Several factors thus converge to lower the quality of decision-making; these same factors, however, help to increase the resources made available for controlling the epidemic threat ( Figure 2), often above and beyond the necessary. Inefficiency is then not surprising. Limiting excess morbidity and mortality and reducing fear should be balanced objectives of decision-making. Explicitly acknowledging the role of fear in epidemics is a prerequisite for their sound management. This is not as straightforward as it seems: little appears to be known about how best to handle the fear generated by epidemics. The perception of risk is not always in tune with the actual risk ( British Medical Association 1987).
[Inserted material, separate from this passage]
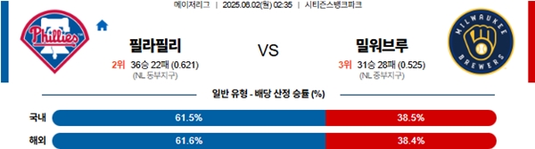 6월 2일 MLB 필라델피아 VS 밀워키 분석
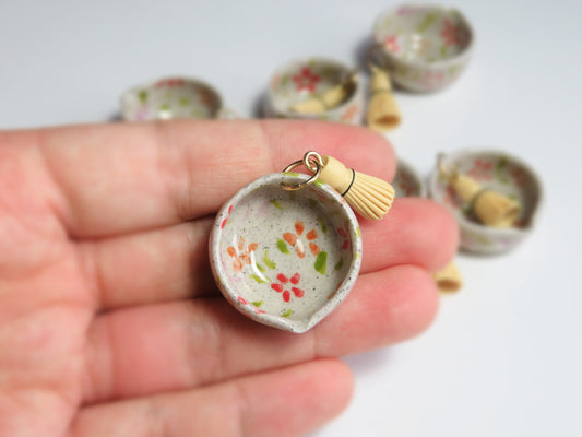 Ceramic Matcha Bowl Pendants. Green Tea Jewellery. Matcha Bowl Charms. Gift for Matcha Fan. Beautiful Miniature Collectibles

Studies on the appreciation of risk show three key features relevant to epidemic control: First, people intuitively overestimate the risk of rare events and underestimate the risk of common events. Second, the notions of uncertainty and risk are systematically confused. Third, perception of risk is linked to the subjective feeling of control: although driving your own car may be more dangerous than taking a plane, the risk of driving is more readily accepted than the risk of flying. Consequently, measures that increase the feeling of control may decrease the perception of risk, fear and the psychological impact of epidemics ( Foege 1991), even in the absence of biological or demographic effects.
Consequently, expert opinion on the probability of ill consequences as such hardly reduces perceived risk. On the contrary, experts trying to convince the population that risk is low may contribute to overestimation of risk, especially if attention is drawn to the uncertainty of the risk estimate in situations that are potentially catastrophic, large-scale, and beyond personal control. Recent history abounds with examples of irrational response to epidemic threats: over-reaction, such as with the swine-flu nonepidemic ( Dutton 1988), or underestimation, as in case of AIDS. Epidemics are characterized by time-pressure and fear. In such circumstances it is difficult to distinguish uncertainty and risk, put probabilities of individual harm in perspective with other risks and allocate resources accordingly. Dealing with time pressure and fear – among professionals as well as the public – is an essential aspect of epidemic control. Failure to do so is what renders much of decision-making in epidemics so irrational and inefficient. Facing our fears is as important as knowing biology.
The authors are grateful to Dr R. Eeckels for useful comments on previous drafts.